Hyaluronic Acid (HA) is most abundantly found in skin, about 50% of the total body content. Reed RK et al., [12] followed by the vitreous of the eye [13], umbilical cord [14] and the synovial fluid [15]. The HA or hyaluronate is a unique non-sulphated glycosaminoglycan, a relatively large molecule weighing upto 7 million Dalton [16] found commonly in connective, epithelial and neural tissues [14,17]. The repeating polymeric disaccharides of D-glucuronic acid and N-acetyl-D-glucosamine linked by a glucuronidic β (1→3) bond makes HA a unique molecule that forms numerous different types of stable polymers with an array of physiological properties, depending upon the configurations, and shapes, size, salt concentration, pH and associated cations [18]. In human body, HA is produced by the mesenchymal cells, primarily the peripheral connective tissues. The key feature of this molecule is its ability to release the high number of water molecules even at low concentration and high viscosity state [19]. As skin moisturization is vital in achieving skin beauty, commercial skin care products should include active compounds such as hyaluronic acid, which can bind water to attain water retention [20].

The era of cellular extracts

The consumption of placenta for cosmetic and therapeutic purposes is dated. Laboratory trials of placental extracts date back to the 30s by Filatov VP who demonstrated the halt of disease progression and rapid progress of healing by using placental extract [21]. Since the ’60s, women in China and Thailand have been documented to consume placenta from young mothers, which they believed is rich in array of bioactive compounds that are therapeutically beneficial [22]. Subsequently, in the 1970s, the same practice had been found in a small number of women in the United States of America and Mexico [23]. 

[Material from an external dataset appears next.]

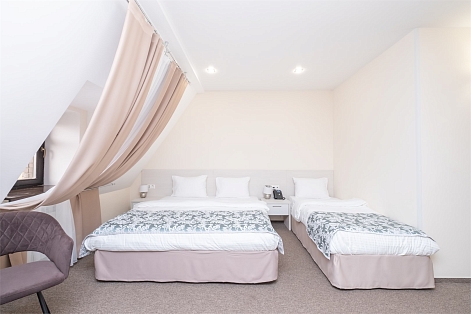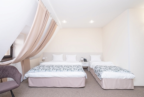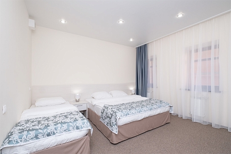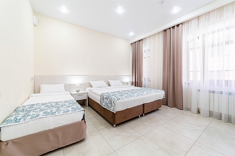 В номере: кровати односпальные, кровать двуспальная, прикроватные тумбочки, стол, стулья, шкаф, кондиционер, мини-холодильник, сейф, телевизор, телефон, чайная станция

Hagmeier W [24] published excellent results with fetal mesenchyme - even in long-lasting defects, which were not successfully treated by other therapies. Based on his experience in large scalds and burns, F. Schmid developed a fetal tissue ultra filtrate for long-term topical applications, which was prepared by the extraction of fetal connective tissue, fetal skin placenta and adrenal gland. Two multi centric trials were designed to determine the list of indications. The following indications were listed for the fetal cutaneous extract: burns, scalds, irradiation burns on the skin injuries, explosion injuries, keloids, hyperkeratosis, anhidrosis syndromes, ulcus cruris, senile atrophy of the skin, trophic disturbances in circulatory trouble, Lyell syndrome, cosmetic lesions, keloids, sclerodermia [24,25]. 

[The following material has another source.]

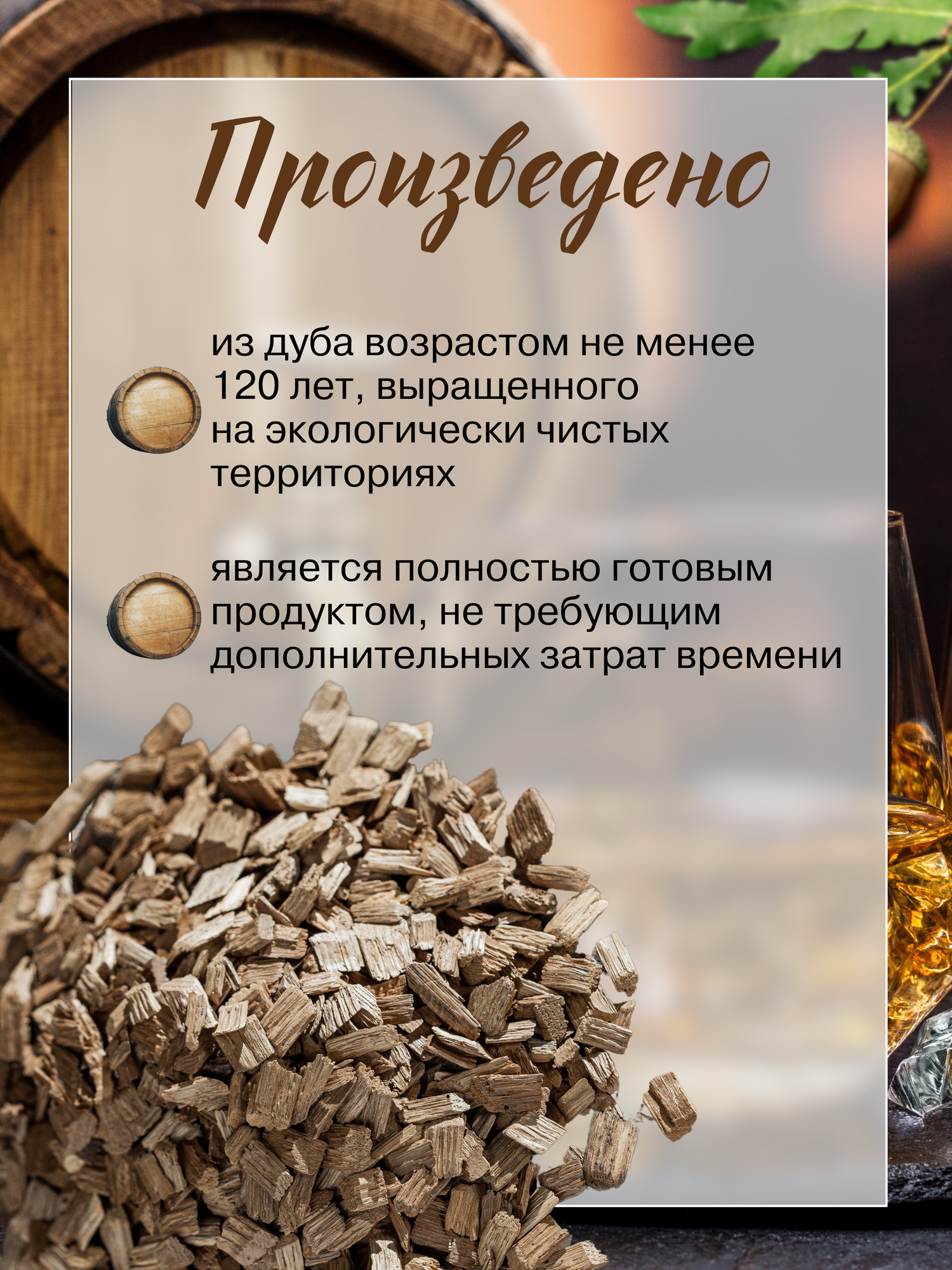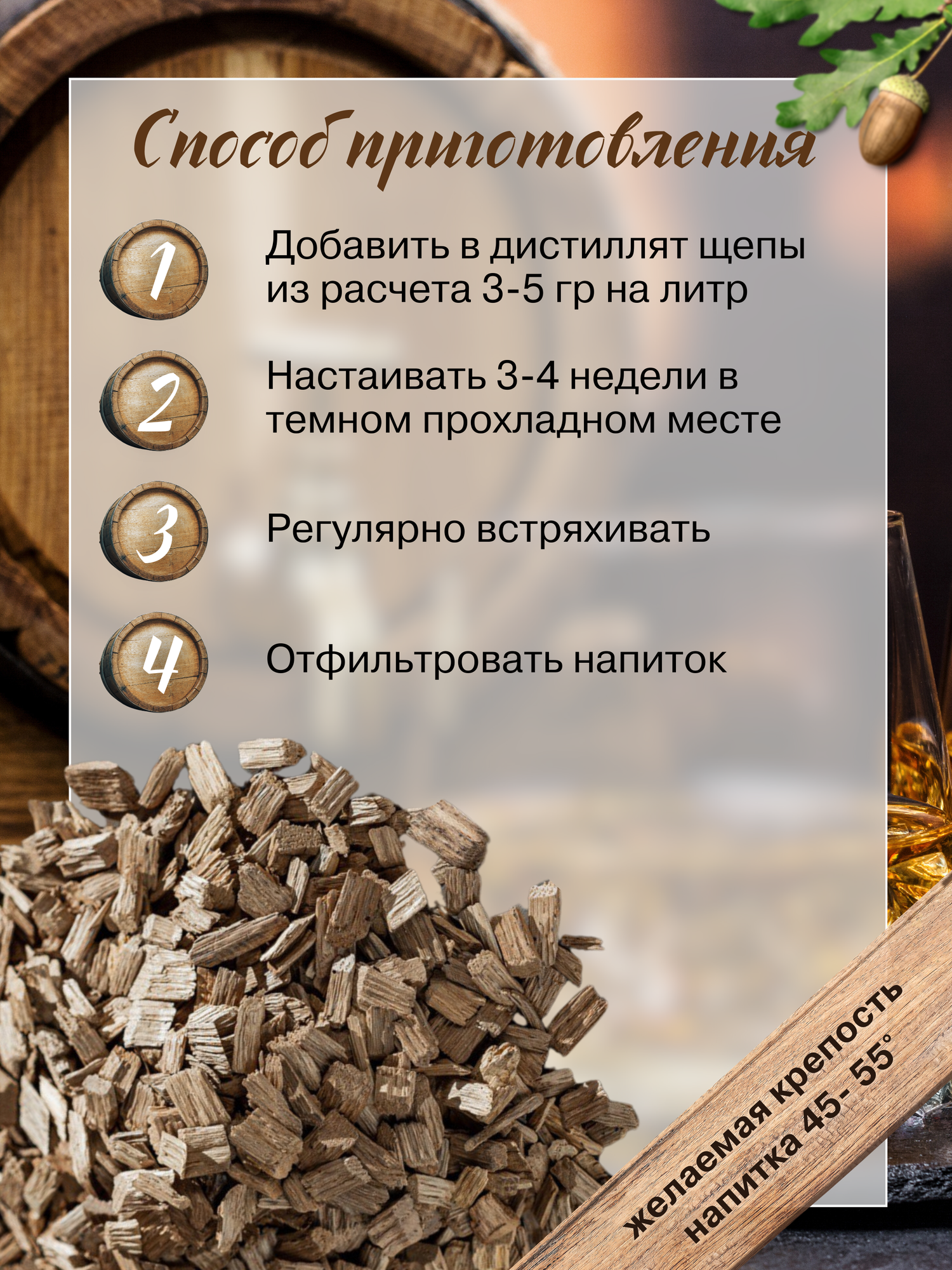| Дополнительная информация | Щепа дубовая сильного обжига |

Four decades of research and development of cell extracts witnessed a break through in the area. The therapeutic properties of cell extracts were further expanded in the world of aesthetics and anti-ageing and were seen to be widely used in India, Japan, Korea, Thailand and United States of America [26-30]. Subsequent years saw a different group of researchers and clinicians documenting positive therapeutic outcome using various kinds of placental preparations and components [31-34]. These include placental tissue, amniotic and chorionic membranes, amniotic fluid, umbilical cord, placental extracts and lyophilizates and cord blood serum, as well as number of differentiated cells and stem cells administered through different routes such as oral, subcutaneous and intramuscular [35-41]. 

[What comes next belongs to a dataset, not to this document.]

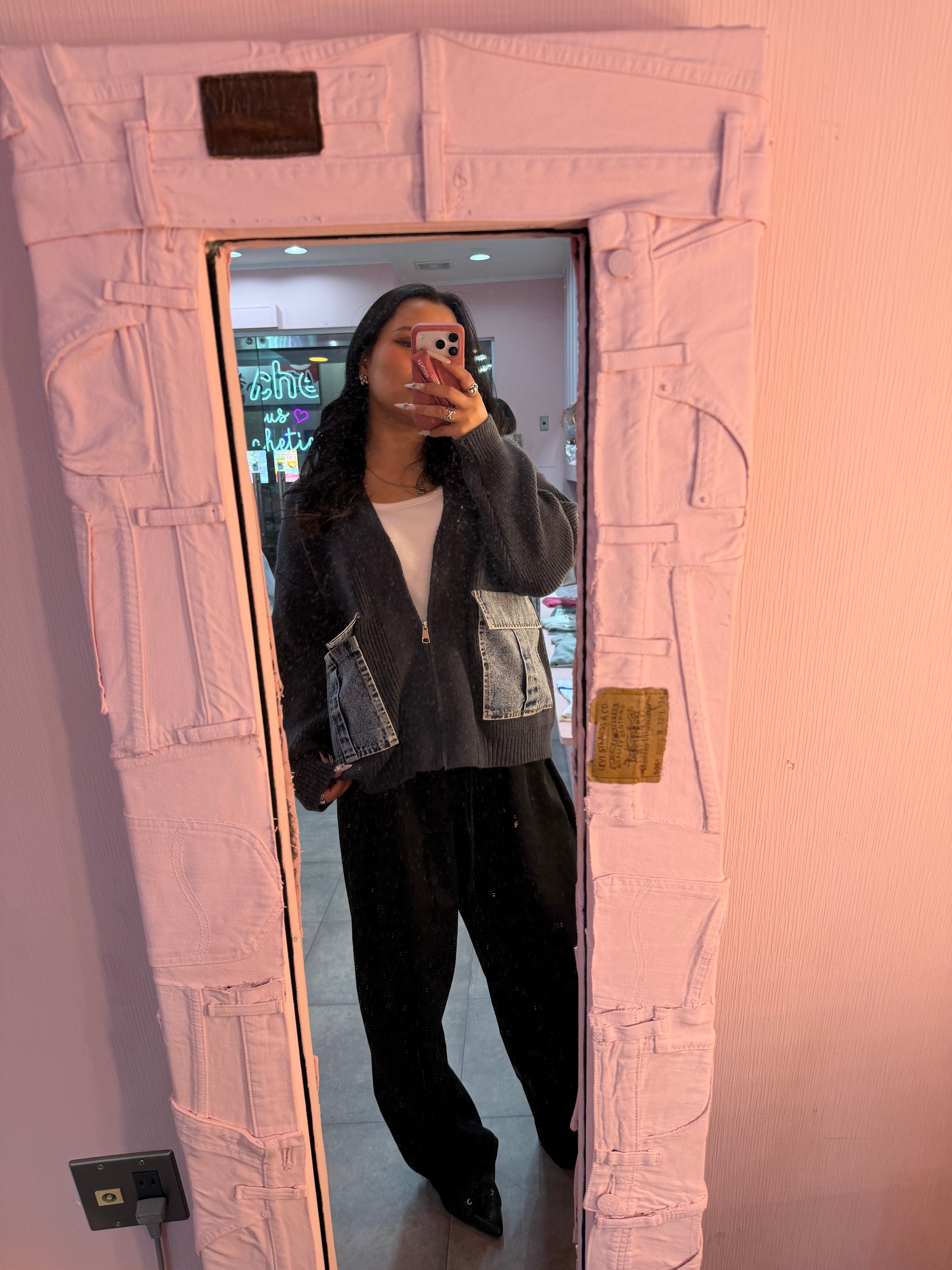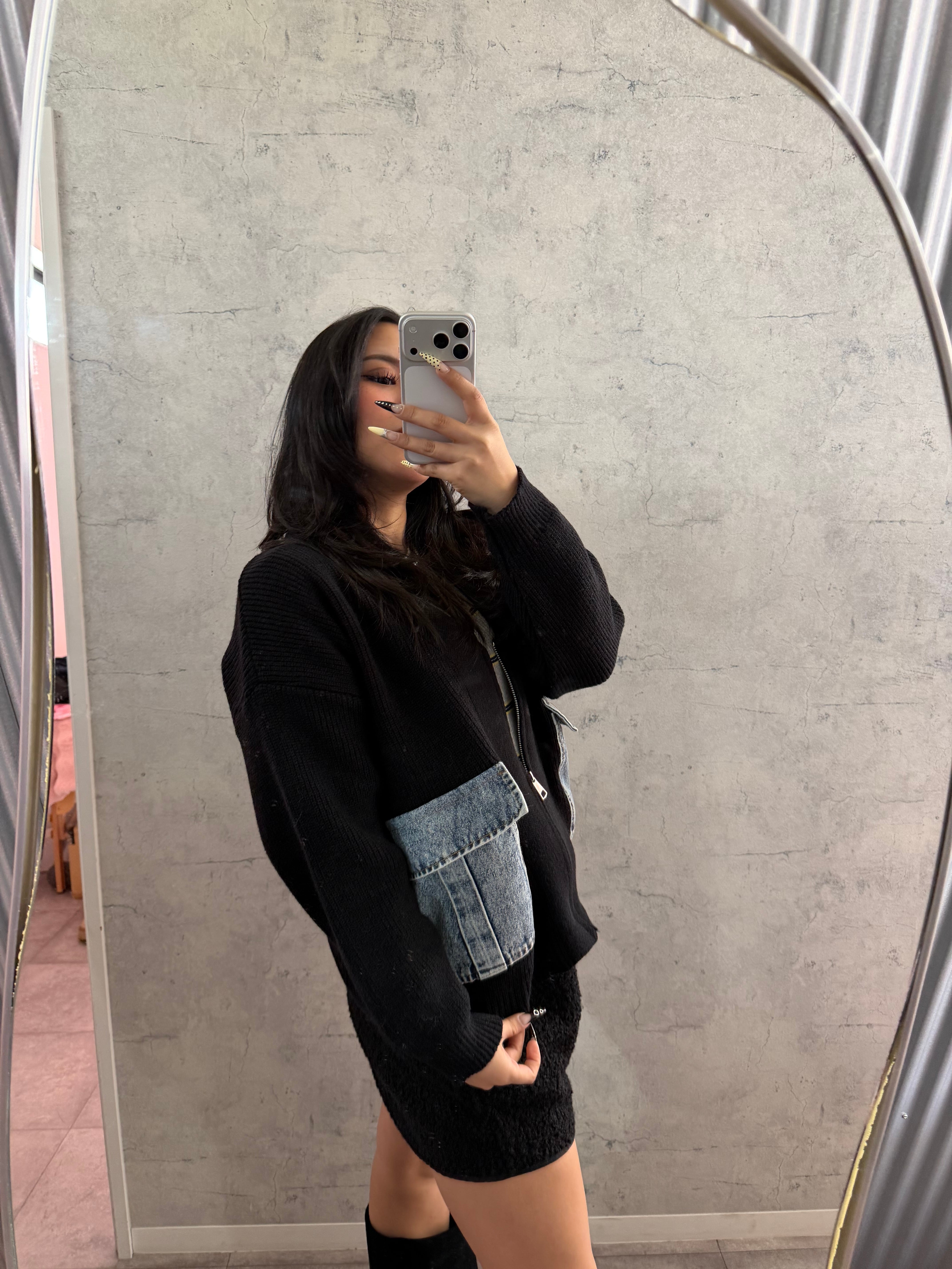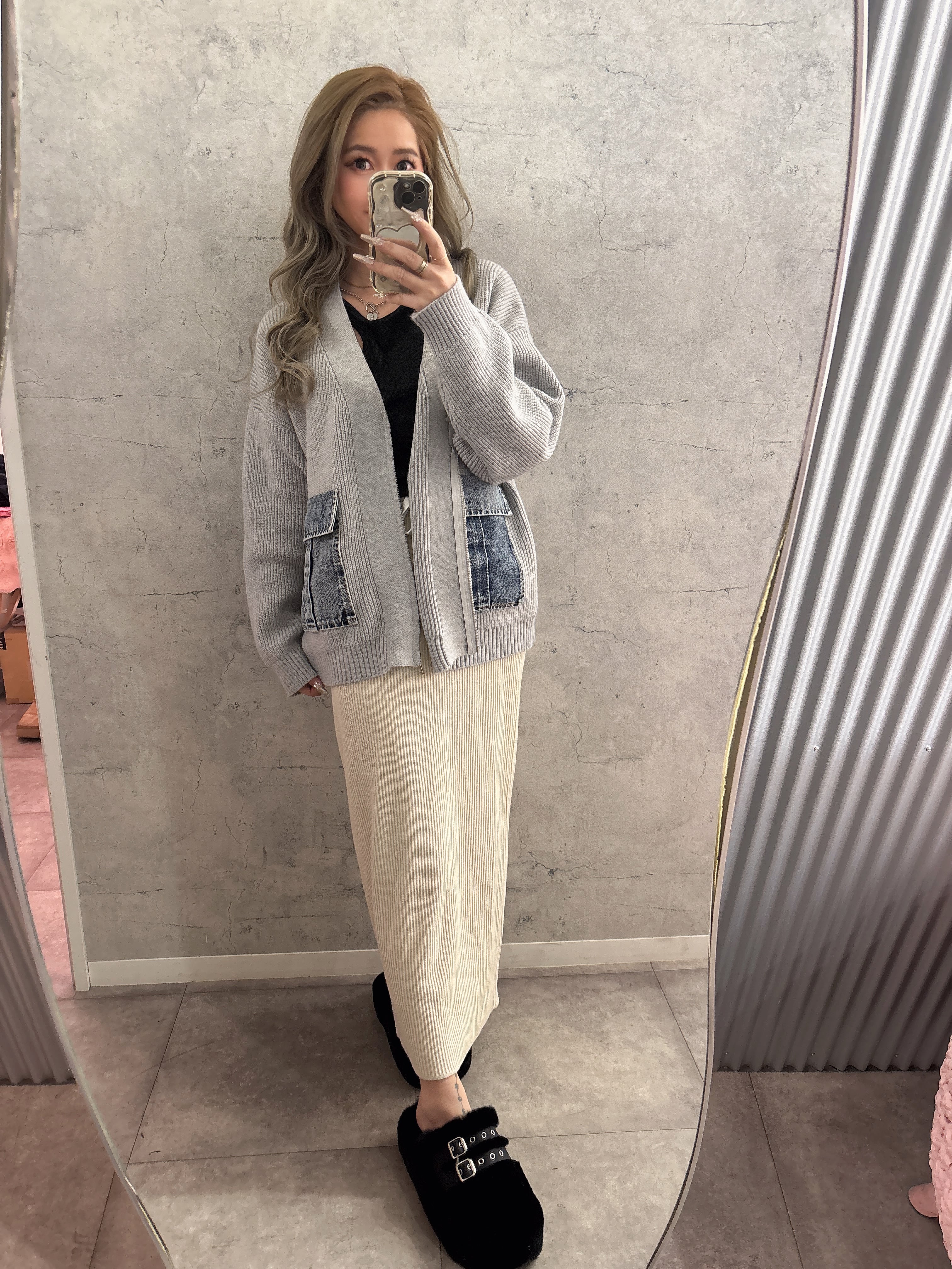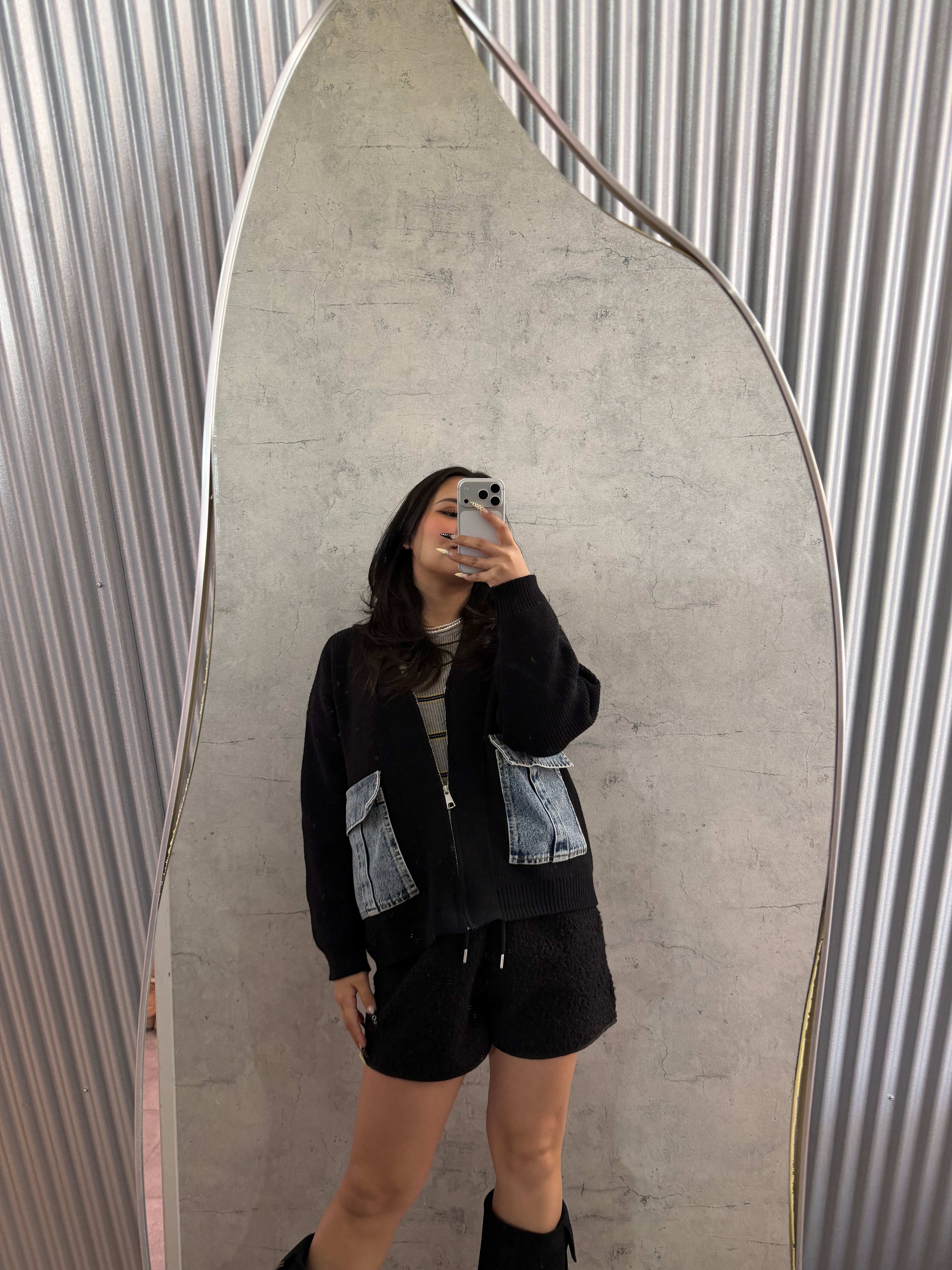 デニムポケットジップニットカーディガン

The biological properties of placental peptides have been studied according to its active component. Instead of using the tissue, researchers have lysed placenta of full-term to obtain the bioactive components, an array of proteins, minerals, amino acids, and steroid hormones [31]. Besides cosmetic reasons, these extracts have been successfully used in the treatment of wounds, non-healing ulcers, and burns. Researchers documented an accelerated rate of reepithelisation and reduced infiltration and pain syndrome [36,42]. 

The past two decades are marked by invention and vast application of aesthetic formulations of organ-specific extracts from skin, placenta, and mesenchyme enriched with collagen via cold-enzymatic processing with further nano-filtration of biologically active ingredients since 2003. Nano-peptides show high bioavailability, biocompatibility and injectability due to the linear size of the peptides below ten nm and molecular weight below ten kDa. The above mentioned advantages not only increase the biomedical applications of the nano-sized product but provide a unique rejuvenating and revitalising effect of this compelling tissue therapy, which can be applied either via mesotherapy or topically. 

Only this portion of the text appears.